**RAW DATA:**
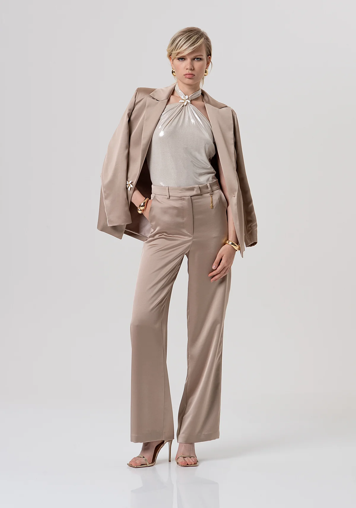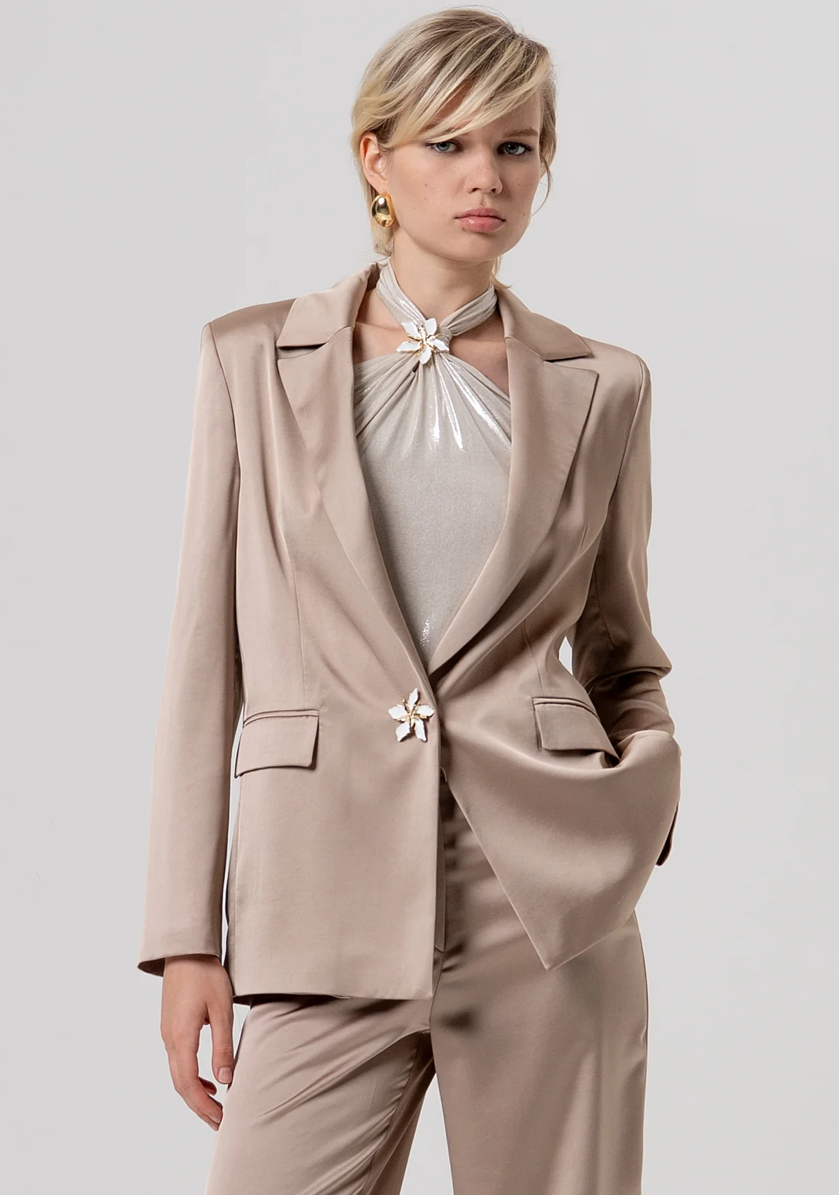 Blazer oversize de botonadura sencilla en satén. Corte clásico con solapas, botón joya para la apertura, solapas laterales y manga larga.
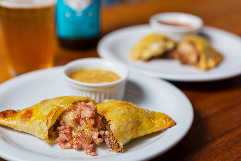 Com muito queijo, o tradicional pernil de Natal vira recheio abundante do pastel (R$ 10,00 a unidade). Vai bem com o chope artesanal da casa, não filtrado, o Riba Premium lager dry hop (R$ 13,00, 300 mililitros).
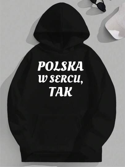 Sudadera con capucha gráfica de corazón de Polonia para hombres, casual, negra, de manga larga, con impresión en negrita POLSKA W YERKOW, TAK, ajuste holgado, cómoda, ropa casual elegante, transferencia de calor digital, para todas las estaciones, perfecta para hombres. La mejor opción para regalos de vacaciones. - Negro - Añade 10

**TASK DETAILS:** Only the lines from the start of the material to the line with "Com muito queijo, o", inclusive, belong in the answer, printed exactly and free of pictures.

**WORKED SOLUTION:**
 Blazer oversize de botonadura sencilla en satén. Corte clásico con solapas, botón joya para la apertura, solapas laterales y manga larga.
 Com muito queijo, o tradicional pernil de Natal vira recheio abundante do pastel (R$ 10,00 a unidade). Vai bem com o chope artesanal da casa, não filtrado, o Riba Premium lager dry hop (R$ 13,00, 300 mililitros).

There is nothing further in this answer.